Problem to solve:
The lines below, from the one holding "Geschenke Tags mit" through the one holding "Postcards, Devon, a", are to be restated word for word, with all images left out.

Records for processing:
^^^^^^^^

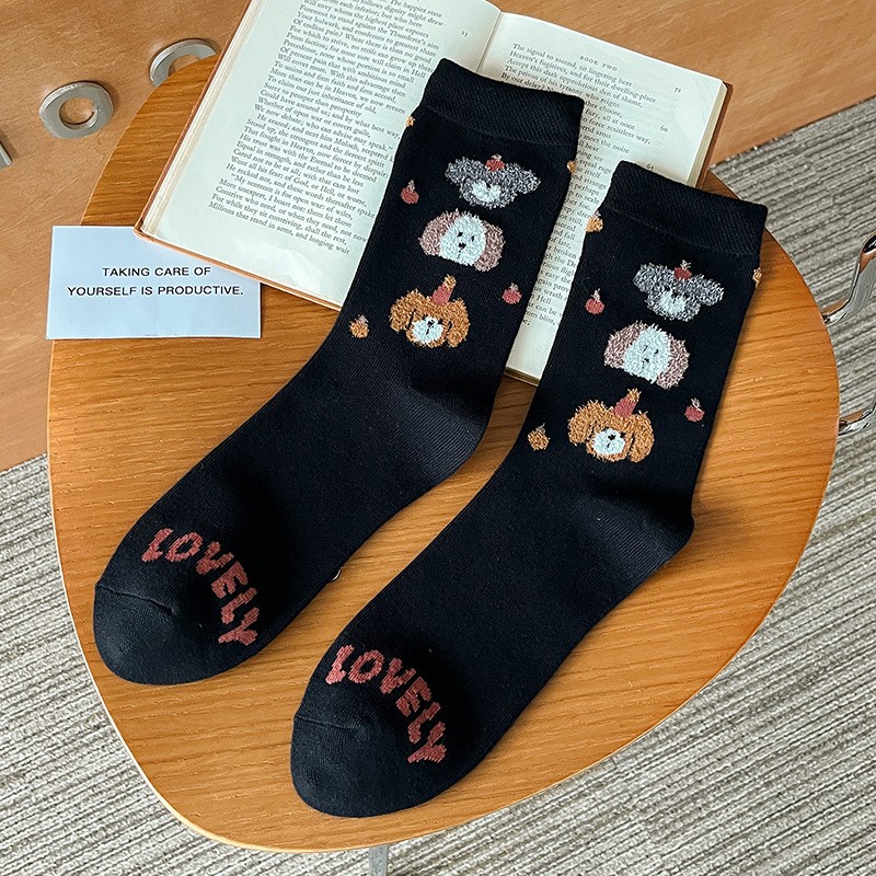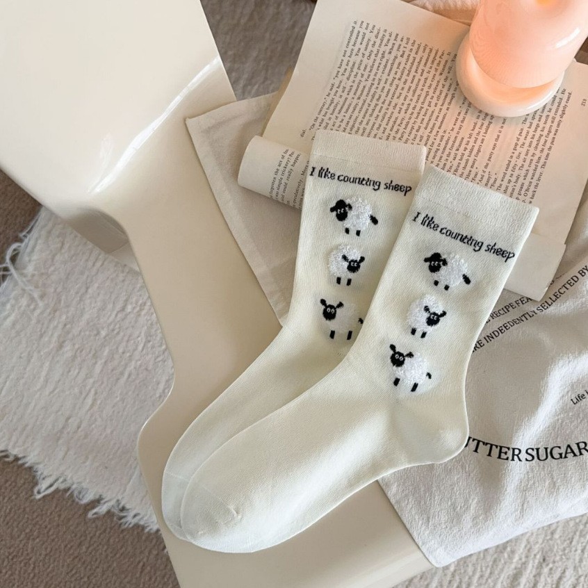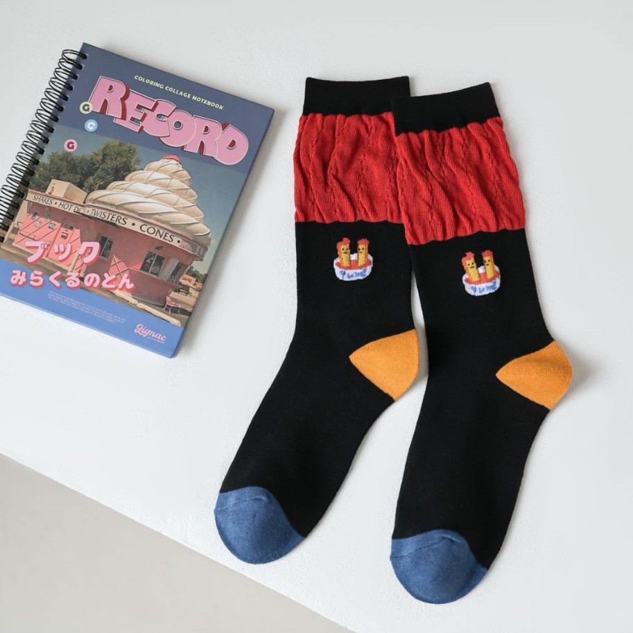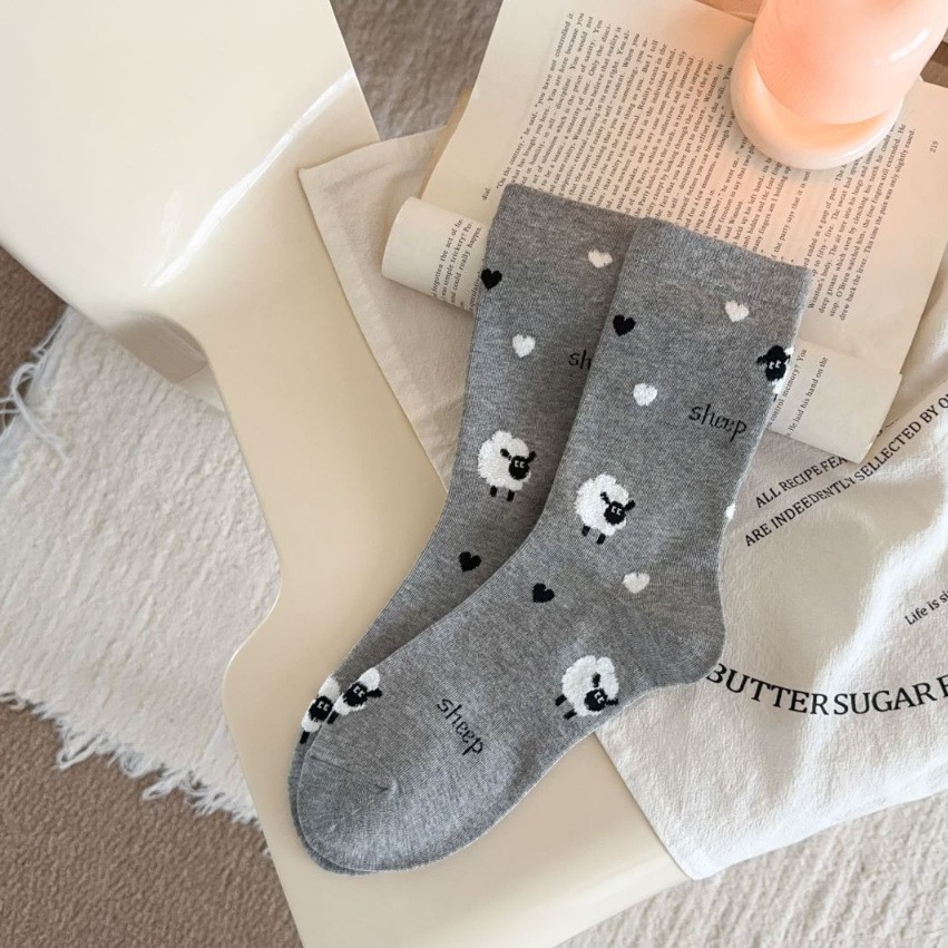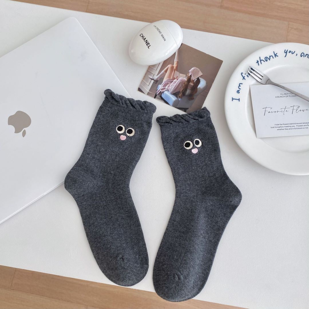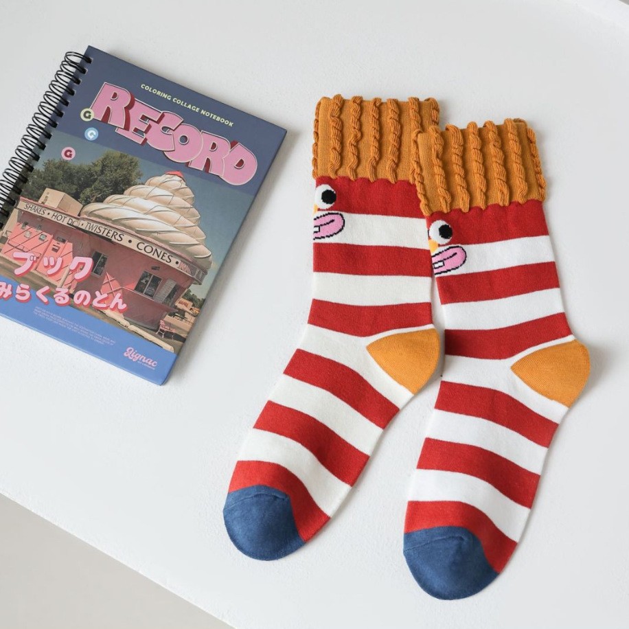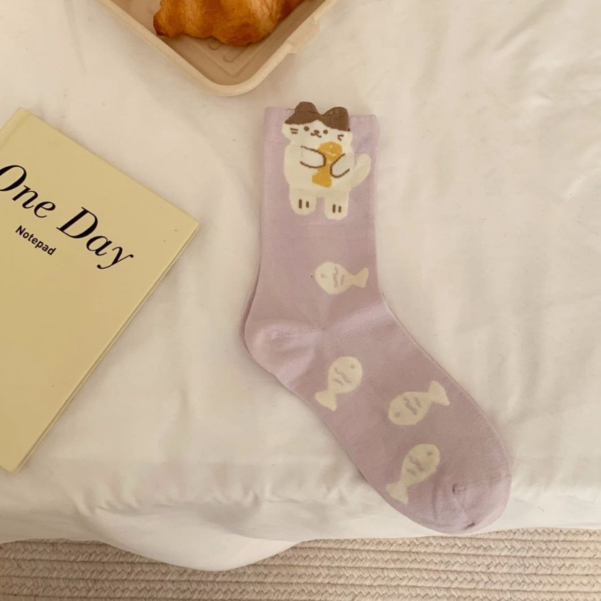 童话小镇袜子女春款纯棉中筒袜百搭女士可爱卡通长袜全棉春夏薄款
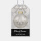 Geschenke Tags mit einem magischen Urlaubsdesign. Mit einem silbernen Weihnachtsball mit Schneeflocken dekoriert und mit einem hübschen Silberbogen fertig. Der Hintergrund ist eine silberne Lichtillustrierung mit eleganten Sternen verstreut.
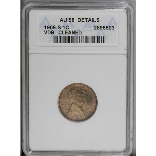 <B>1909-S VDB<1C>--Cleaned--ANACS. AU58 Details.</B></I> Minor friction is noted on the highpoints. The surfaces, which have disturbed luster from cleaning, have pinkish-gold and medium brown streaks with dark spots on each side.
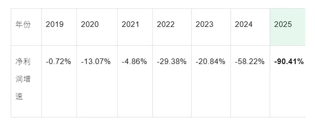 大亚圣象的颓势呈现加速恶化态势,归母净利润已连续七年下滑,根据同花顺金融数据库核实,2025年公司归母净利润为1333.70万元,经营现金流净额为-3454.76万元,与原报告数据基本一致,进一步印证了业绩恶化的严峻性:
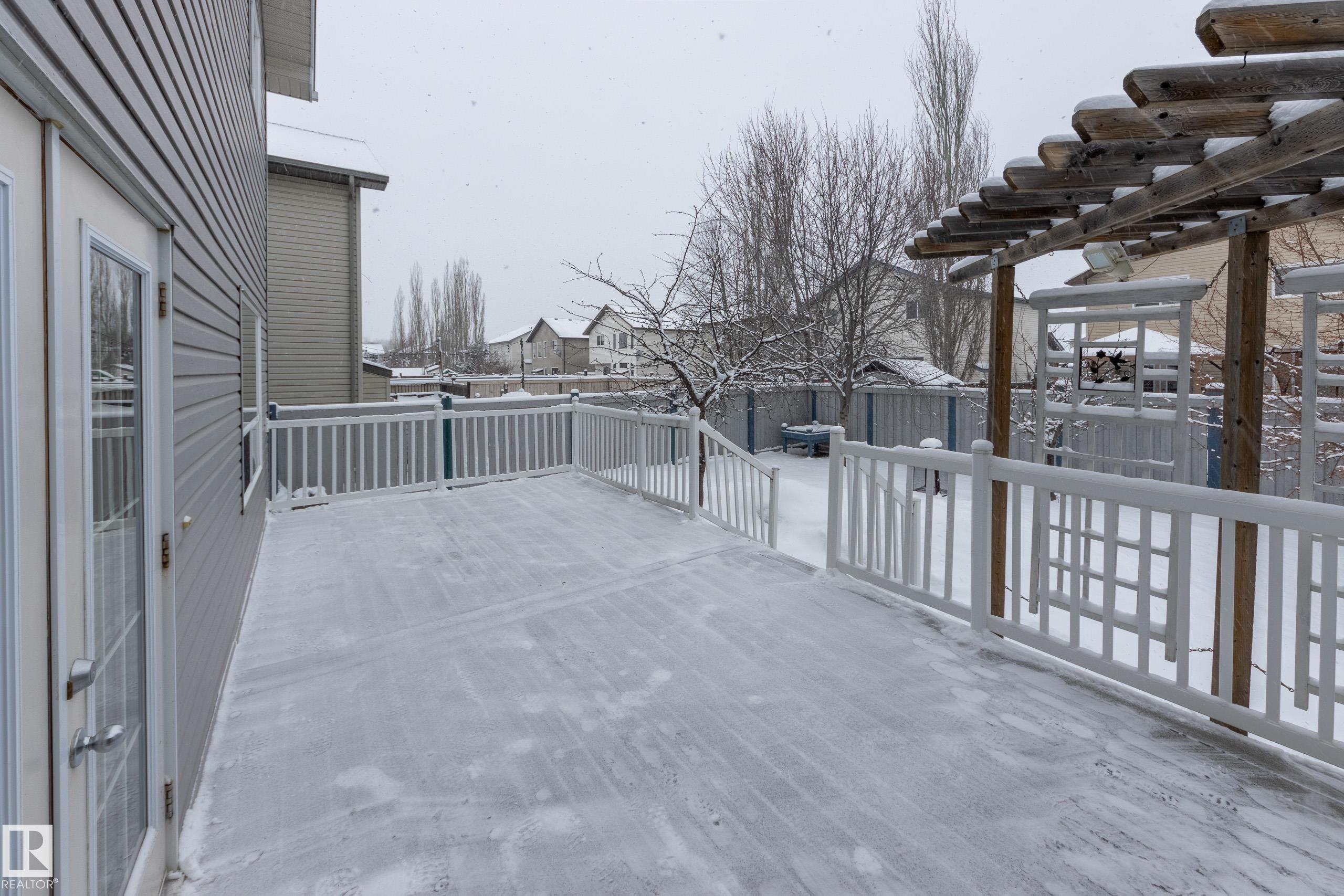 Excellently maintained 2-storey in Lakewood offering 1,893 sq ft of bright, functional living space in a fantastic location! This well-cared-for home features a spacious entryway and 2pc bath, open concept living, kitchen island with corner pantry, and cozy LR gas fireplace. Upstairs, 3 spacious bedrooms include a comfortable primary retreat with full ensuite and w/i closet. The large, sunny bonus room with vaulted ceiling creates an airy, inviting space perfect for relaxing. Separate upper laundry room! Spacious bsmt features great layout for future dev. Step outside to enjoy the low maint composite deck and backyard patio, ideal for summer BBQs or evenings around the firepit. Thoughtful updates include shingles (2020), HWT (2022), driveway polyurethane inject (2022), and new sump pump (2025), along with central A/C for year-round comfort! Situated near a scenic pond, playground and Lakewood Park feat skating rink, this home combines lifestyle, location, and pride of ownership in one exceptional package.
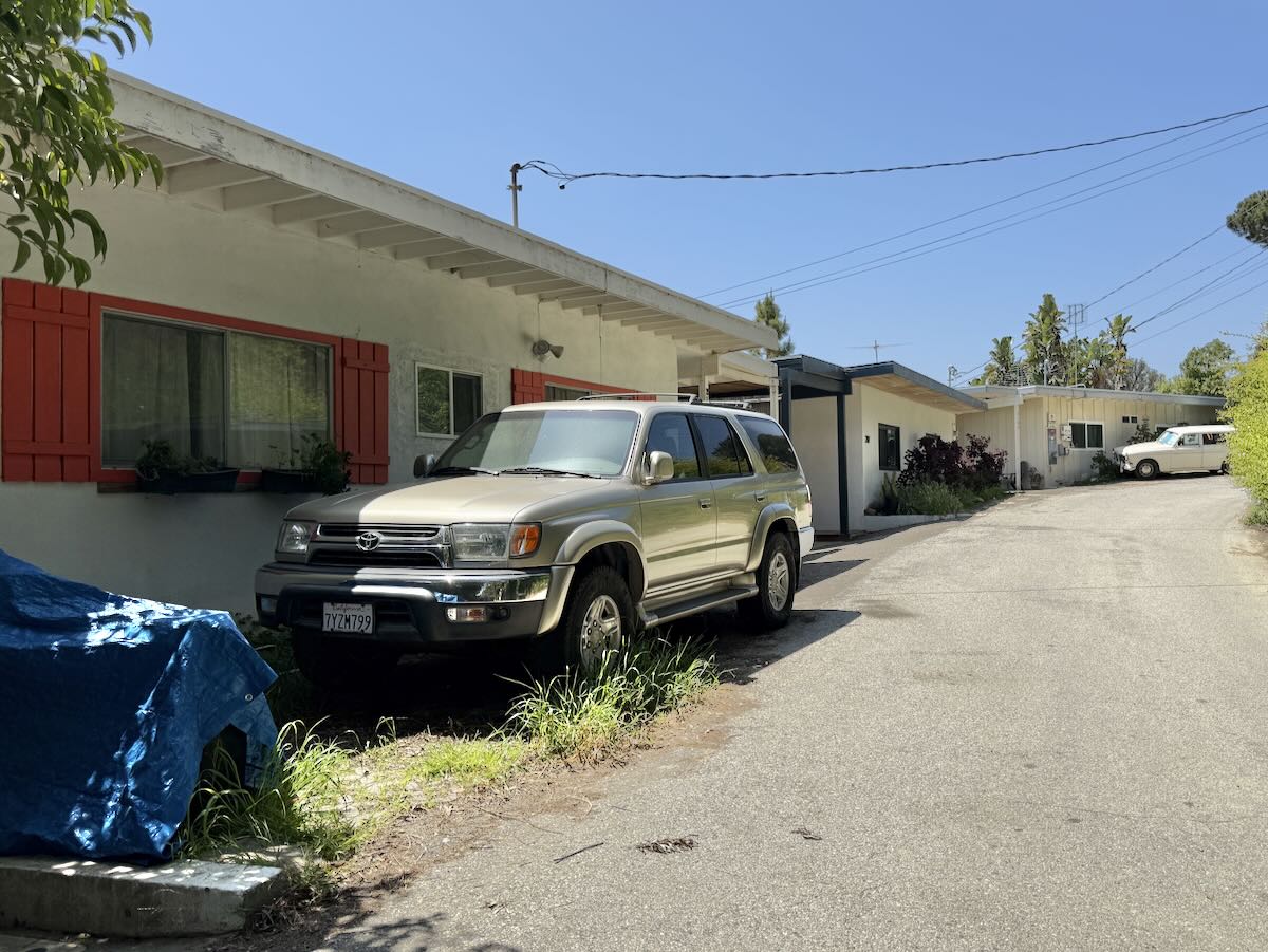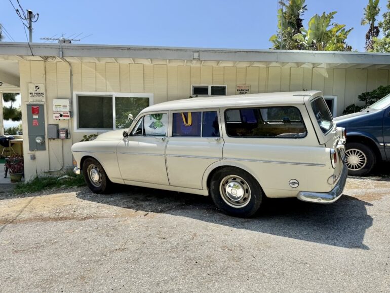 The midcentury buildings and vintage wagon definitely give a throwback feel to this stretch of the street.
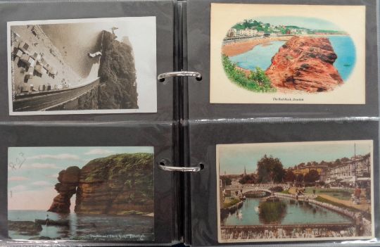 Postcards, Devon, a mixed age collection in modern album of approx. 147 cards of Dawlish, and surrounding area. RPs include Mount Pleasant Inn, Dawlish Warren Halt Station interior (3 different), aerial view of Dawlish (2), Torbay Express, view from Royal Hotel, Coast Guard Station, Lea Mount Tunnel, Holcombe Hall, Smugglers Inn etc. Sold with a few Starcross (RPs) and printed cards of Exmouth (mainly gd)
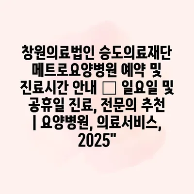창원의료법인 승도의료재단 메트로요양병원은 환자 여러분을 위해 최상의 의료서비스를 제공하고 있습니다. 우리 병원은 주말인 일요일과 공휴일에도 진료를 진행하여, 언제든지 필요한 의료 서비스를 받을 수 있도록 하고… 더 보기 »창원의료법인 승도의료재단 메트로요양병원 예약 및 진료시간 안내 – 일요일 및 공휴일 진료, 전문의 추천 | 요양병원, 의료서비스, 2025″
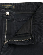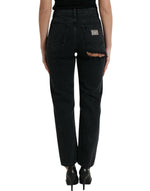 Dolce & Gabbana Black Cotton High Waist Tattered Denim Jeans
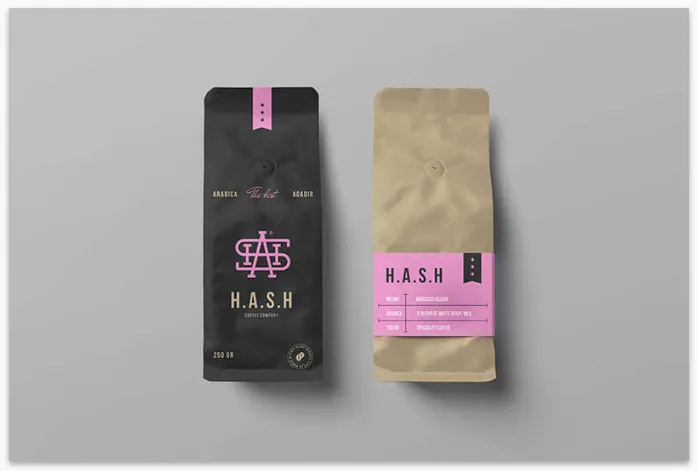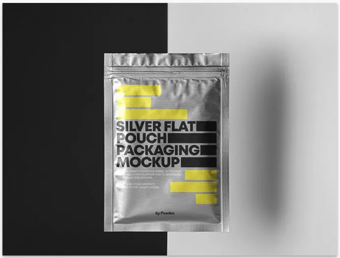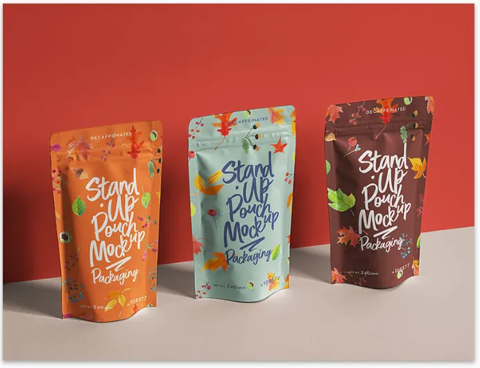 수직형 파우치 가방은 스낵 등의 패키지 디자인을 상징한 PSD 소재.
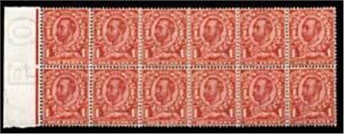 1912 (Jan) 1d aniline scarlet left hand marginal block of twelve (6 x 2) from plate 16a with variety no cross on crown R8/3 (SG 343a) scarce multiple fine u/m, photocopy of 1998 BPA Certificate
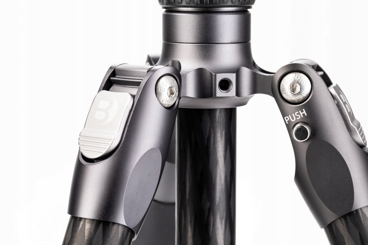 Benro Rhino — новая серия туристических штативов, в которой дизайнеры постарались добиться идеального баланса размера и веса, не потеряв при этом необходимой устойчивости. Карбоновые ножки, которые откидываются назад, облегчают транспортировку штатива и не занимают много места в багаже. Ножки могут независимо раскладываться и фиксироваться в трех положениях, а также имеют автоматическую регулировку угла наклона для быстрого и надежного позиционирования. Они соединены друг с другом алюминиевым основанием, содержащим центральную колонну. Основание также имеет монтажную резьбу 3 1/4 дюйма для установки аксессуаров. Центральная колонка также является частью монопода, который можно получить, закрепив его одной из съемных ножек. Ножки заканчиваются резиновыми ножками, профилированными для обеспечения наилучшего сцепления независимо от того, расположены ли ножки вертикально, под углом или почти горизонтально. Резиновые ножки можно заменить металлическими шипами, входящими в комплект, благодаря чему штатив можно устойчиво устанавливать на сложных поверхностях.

^^^^^^^^

Task output:
 Geschenke Tags mit einem magischen Urlaubsdesign. Mit einem silbernen Weihnachtsball mit Schneeflocken dekoriert und mit einem hübschen Silberbogen fertig. Der Hintergrund ist eine silberne Lichtillustrierung mit eleganten Sternen verstreut.
 <B>1909-S VDB<1C>--Cleaned--ANACS. AU58 Details.</B></I> Minor friction is noted on the highpoints. The surfaces, which have disturbed luster from cleaning, have pinkish-gold and medium brown streaks with dark spots on each side.
 大亚圣象的颓势呈现加速恶化态势,归母净利润已连续七年下滑,根据同花顺金融数据库核实,2025年公司归母净利润为1333.70万元,经营现金流净额为-3454.76万元,与原报告数据基本一致,进一步印证了业绩恶化的严峻性:
 Excellently maintained 2-storey in Lakewood offering 1,893 sq ft of bright, functional living space in a fantastic location! This well-cared-for home features a spacious entryway and 2pc bath, open concept living, kitchen island with corner pantry, and cozy LR gas fireplace. Upstairs, 3 spacious bedrooms include a comfortable primary retreat with full ensuite and w/i closet. The large, sunny bonus room with vaulted ceiling creates an airy, inviting space perfect for relaxing. Separate upper laundry room! Spacious bsmt features great layout for future dev. Step outside to enjoy the low maint composite deck and backyard patio, ideal for summer BBQs or evenings around the firepit. Thoughtful updates include shingles (2020), HWT (2022), driveway polyurethane inject (2022), and new sump pump (2025), along with central A/C for year-round comfort! Situated near a scenic pond, playground and Lakewood Park feat skating rink, this home combines lifestyle, location, and pride of ownership in one exceptional package.
 The midcentury buildings and vintage wagon definitely give a throwback feel to this stretch of the street.
 Postcards, Devon, a mixed age collection in modern album of approx. 147 cards of Dawlish, and surrounding area. RPs include Mount Pleasant Inn, Dawlish Warren Halt Station interior (3 different), aerial view of Dawlish (2), Torbay Express, view from Royal Hotel, Coast Guard Station, Lea Mount Tunnel, Holcombe Hall, Smugglers Inn etc. Sold with a few Starcross (RPs) and printed cards of Exmouth (mainly gd)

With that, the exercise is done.